▶ _EXERCISE REQUIREMENTS_
Look below for the line with "1.超多不同射击关卡等你选择" and the line with "- CHARME ROYAL"; repeat exactly those two lines and all lines between them, but no pictures.

MATERIAL FOR THIS TASK Block Start

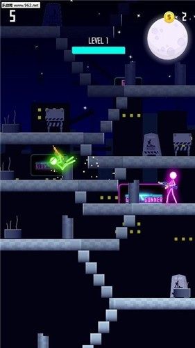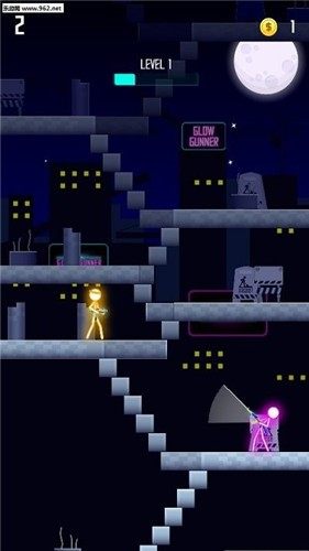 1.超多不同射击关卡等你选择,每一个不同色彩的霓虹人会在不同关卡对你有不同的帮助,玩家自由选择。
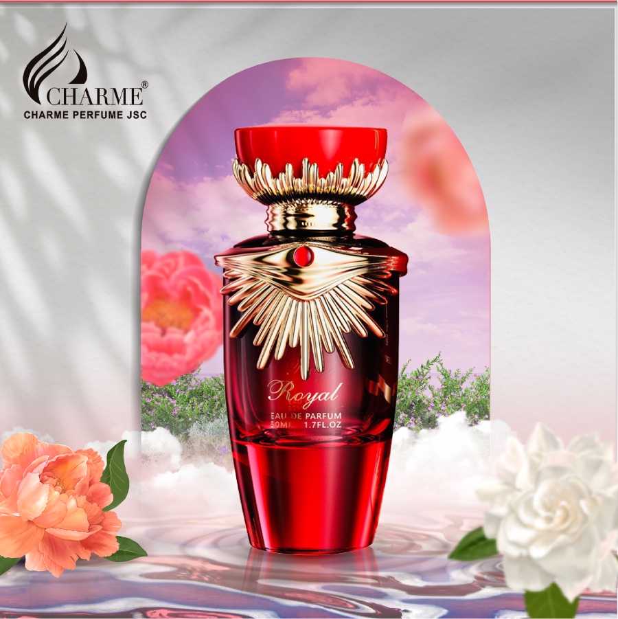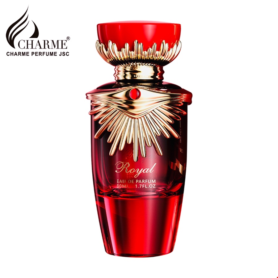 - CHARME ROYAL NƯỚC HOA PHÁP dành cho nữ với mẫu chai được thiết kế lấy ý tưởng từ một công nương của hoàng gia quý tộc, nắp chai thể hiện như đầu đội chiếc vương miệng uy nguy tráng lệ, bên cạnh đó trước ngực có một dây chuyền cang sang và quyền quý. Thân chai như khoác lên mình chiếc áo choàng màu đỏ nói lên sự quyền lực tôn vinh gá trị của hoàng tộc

MATERIAL FOR THIS TASK Block End
MATERIAL FOR THIS TASK Block Start

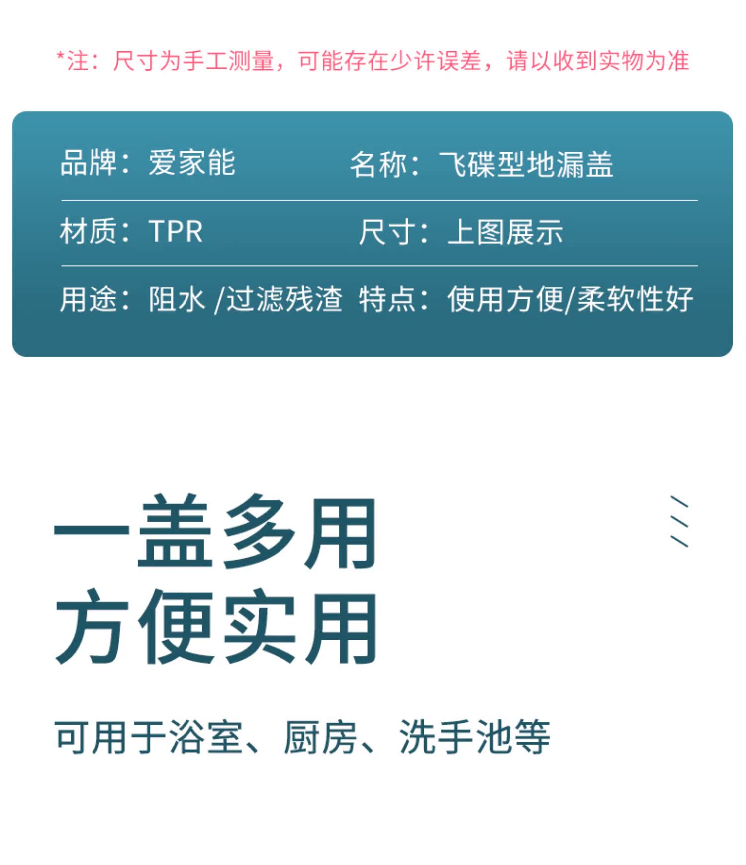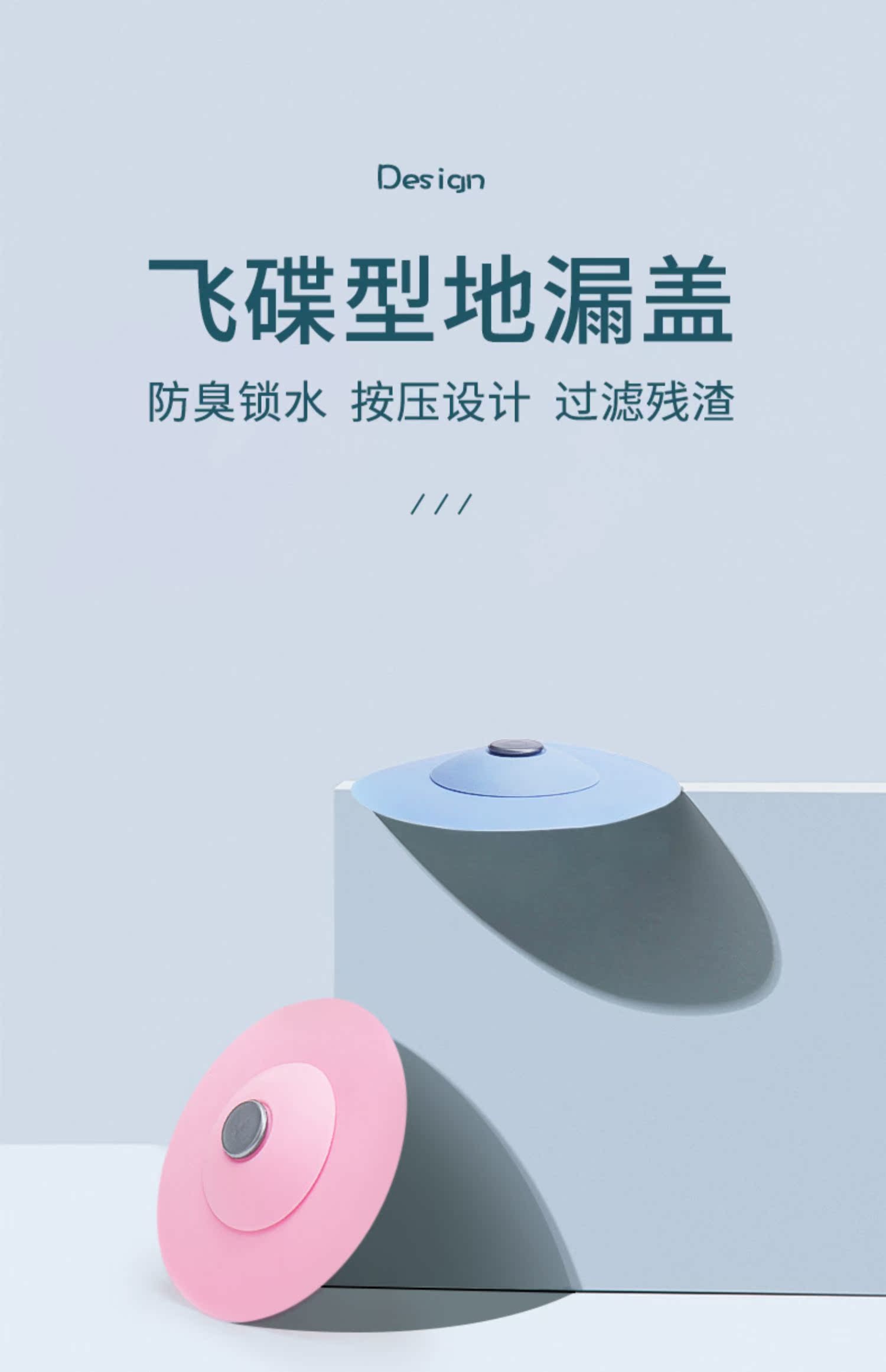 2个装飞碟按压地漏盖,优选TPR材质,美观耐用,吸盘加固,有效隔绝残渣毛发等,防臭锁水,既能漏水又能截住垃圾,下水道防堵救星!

MATERIAL FOR THIS TASK Block End

▶ _EXERCISE OUTPUT_
 1.超多不同射击关卡等你选择,每一个不同色彩的霓虹人会在不同关卡对你有不同的帮助,玩家自由选择。
 - CHARME ROYAL NƯỚC HOA PHÁP dành cho nữ với mẫu chai được thiết kế lấy ý tưởng từ một công nương của hoàng gia quý tộc, nắp chai thể hiện như đầu đội chiếc vương miệng uy nguy tráng lệ, bên cạnh đó trước ngực có một dây chuyền cang sang và quyền quý. Thân chai như khoác lên mình chiếc áo choàng màu đỏ nói lên sự quyền lực tôn vinh gá trị của hoàng tộc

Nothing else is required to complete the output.